“The Gates” is the latest entry in the vampire craze that has overtaken the visual media in recent years, and perhaps unsurprisingly, it brings nothing new to the table.
It’s fitting that the show is set within the confines of a gated community, a society completely sheltered from the problems of the real world where private sector police monitor every street corner and every backyard with 24/7 surveillance, kids are schlepped off to exclusive schools, and nobody comes and goes without passing through the massive, wrought-iron gates. And while this slice of manufactured paradise seems like picture perfection, there’s more than one dark secret lurking in the shadows.
Even if you’ve been ignorant of ABC’s media blitz surrounding this summer series, the show blows its supernatural wad in the opening minutes through the introduction of Claire Radcliff (Rhona Mitra – the future Ms. Fini, surely), a vampiric housewife struggling with the need to feed off of human beings. It’s the newly appointed Sheriff (and Gates resident) Nick Monohan (Frank Grillo) who suspects something isn’t quite right with the stunning beauty.
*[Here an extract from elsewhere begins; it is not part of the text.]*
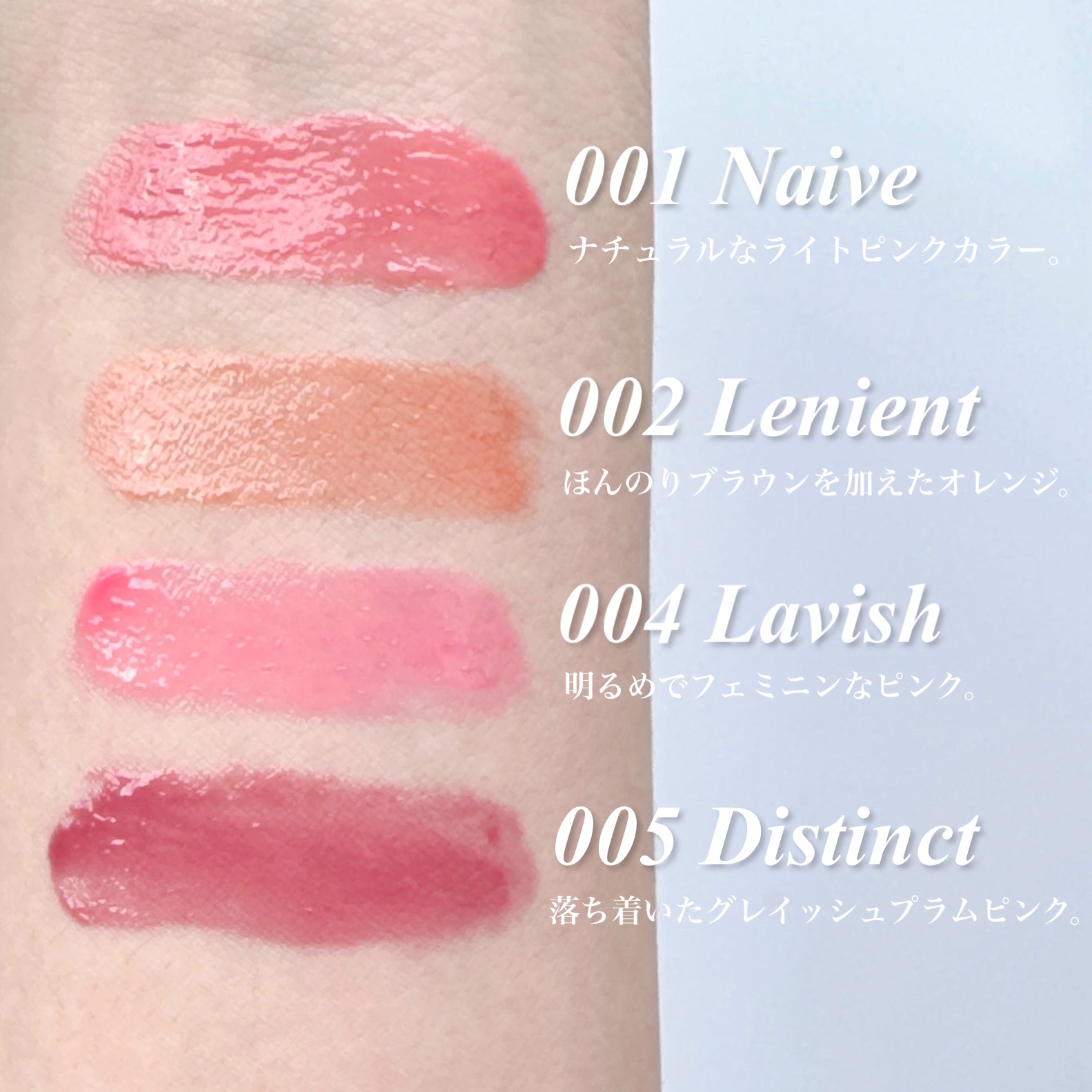 - White コンセプト / Blackコンセプトでお馴染みのCoralhazeから新たに6色追加となります。 特にBlackコンセプトに対する期待の声が寄せられていたこともあり、今回Black コンセプトから既存のBlack LineよりもさらにトーンダウンしたDark Lineが新登場。 番号の前にWが付いている商品はwhite Line、Bがついている商品はBlack Line、Dが付いている商品はDark Lineとなります。 1.唇に軽くメルティングされ蜂蜜を塗ったようなプルンとした輝きを与えます 2.プランパー成分配合でクーリング感とともにふっくらとしたボリューム、ツヤ感を与えます 3.ベタつきの少ないテクスチャーで重ね塗りしても快適に使用 4.パーソナルカラーに合わせて選べる10種類のカラー 5.高級感のあるゴールド色の容器を使用し感性的な満足感をお届けします 6.唇を保護し、保湿感を与えるスキンケア成分を配合 韓国では 「自身が持っている魅力をコーラルヘイズがより引き出す」 というパステルカラー調のコンセプトになっておりますが日本では今までの韓国コスメにはない、Black or White コンセプトになっております。 Black Lineはブラウンチョコレートを一滴垂らしたようなカラー White Lineは生クリームを一滴垂らしたようなカラー

In the months leading up to “The Gates” premiere, people likened this hybrid series as some sort of cross between “Desperate Housewives” and Twilight, and while I’d hoped that would be little more than a surface impression, I’m sad to say that it’s a more than accurate representation of the material on display. The subplot involving the Sheriff’s high school-aged son, Charlie (Travis Caldwell), is the most recycled as he meets a potential love interest with a temperamental werewolf for an ex-boyfriend. Charlie sparks the ire of this wolfpack, who will more than likely make all sorts of trouble for him in the weeks to come.
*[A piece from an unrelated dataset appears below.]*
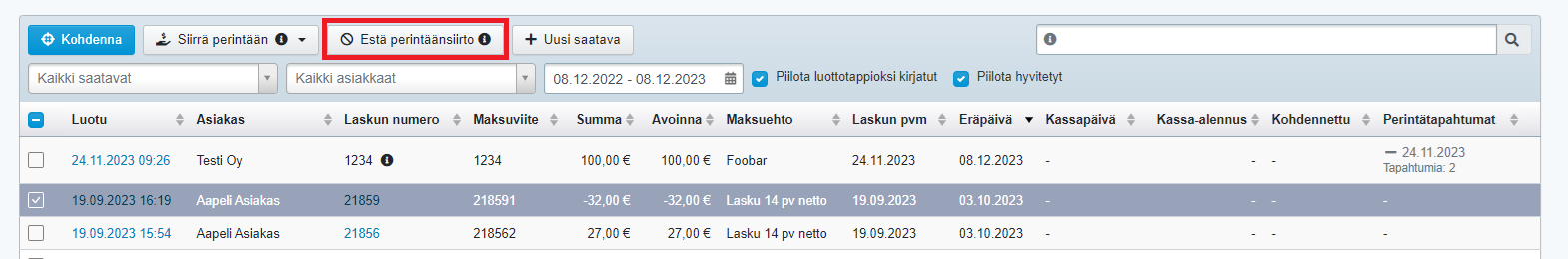 Jos käytössäsi on automaattinen perintään siirto ja haluat poistaa automaattisesta siirrosta valitsemasi avoimet laskut, voit valita laskut kohdassa Laskutus / Saatavat ja valita listalta haluamasi laskut ja sen valita Estä perintäänsiirto. Eston saa asetettua useammalle laskulle kerrallaan.

Meanwhile, Mitra’s character suffers lots of conflict in addition to being at the center of the Sheriff’s missing persons investigation. Unhappily married to her sire, she must also contend with rivalry in the guise of another bitchy housewife while struggling to raise a creepy little girl who may or may not be some kind of creature of the night.
By the end of the first episode there’s no shortage of subplots, but “The Gates” leaves viewers feeling like we’ve seen it all before. Werewolves look like Twilight rejects, resembling actual wolves more than supernatural creatures, while the vampires slop on UV gel in order to venture out in broad daylight. I’m not asking for wall-to-wall gore, but these creatures come off as little more than neutered versions of once-classic monsters. There’s a decent cast of actors on hand, but even they can’t prevent the show’s lifeless sheen from making it feel like an uninspired bore.
It’ll be interesting to see what happens with “The Gates” in coming weeks. I certainly wasn’t blown away by the premiere episode, but there remains the potential for some interesting stories to be told. The show isn’t likely to satiate the horror audience – nor does it seem all that interested in doing so – but I implore the showrunners to remember the roots of their source material for future episodes. It was a marginal success for ABC last night as it managed to win the hour time slot, but exactly how many of those viewers will be compelled to tune in again remains to be seen.
If you watched “The Gates”, will you be back?